**Exercise details:** Could you output exactly the lines running from the one containing "As I was putting" to the final line of the listing below, leaving out pictures?

**Given data:**
== Segment start ==

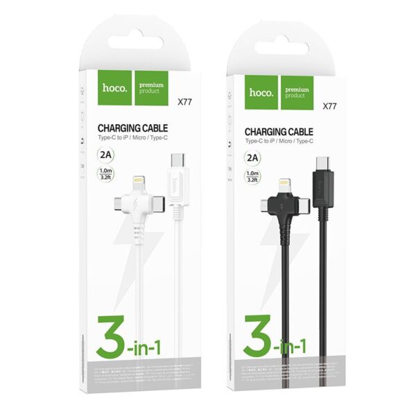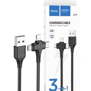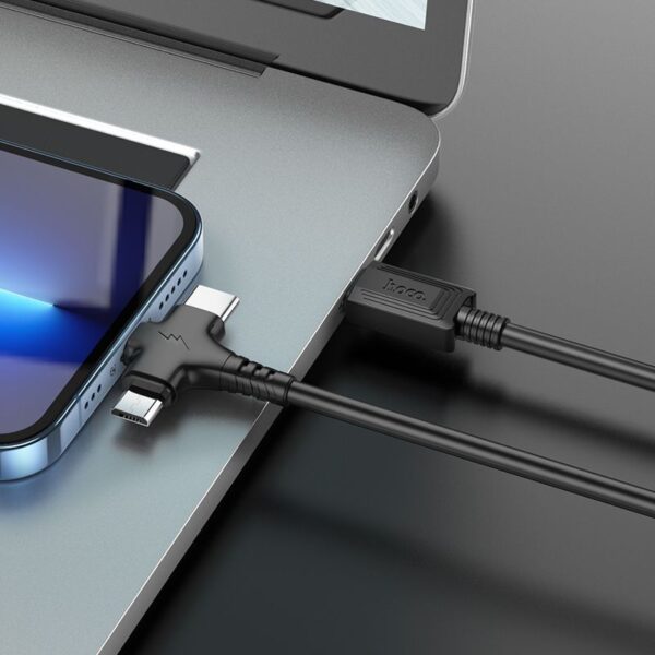 Hoco X77 3in1 USB-A to Lightning USB-C Micro-USB Charging Cable 6931474784261 – Black
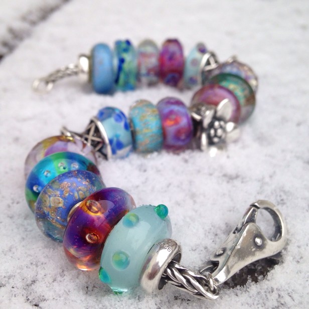 As I was putting some beads away the other day, I had a craving to make a bracelet with my favourite Trollbeads in blue, green and purple.
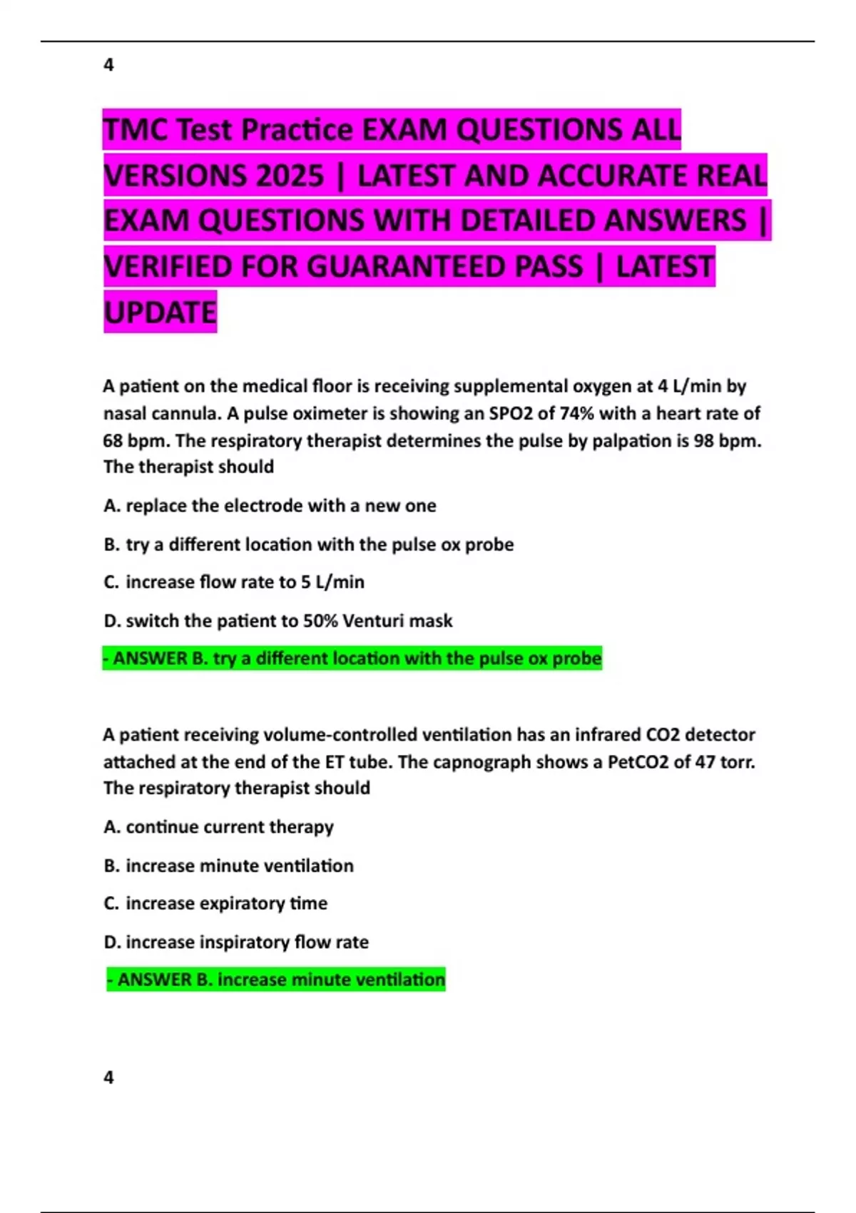 68 bpm. The respiratory therapist determines the pulse by palpation is 98 bpm.

== Segment end ==

**Answer to the exercise:**
 As I was putting some beads away the other day, I had a craving to make a bracelet with my favourite Trollbeads in blue, green and purple.
 68 bpm. The respiratory therapist determines the pulse by palpation is 98 bpm.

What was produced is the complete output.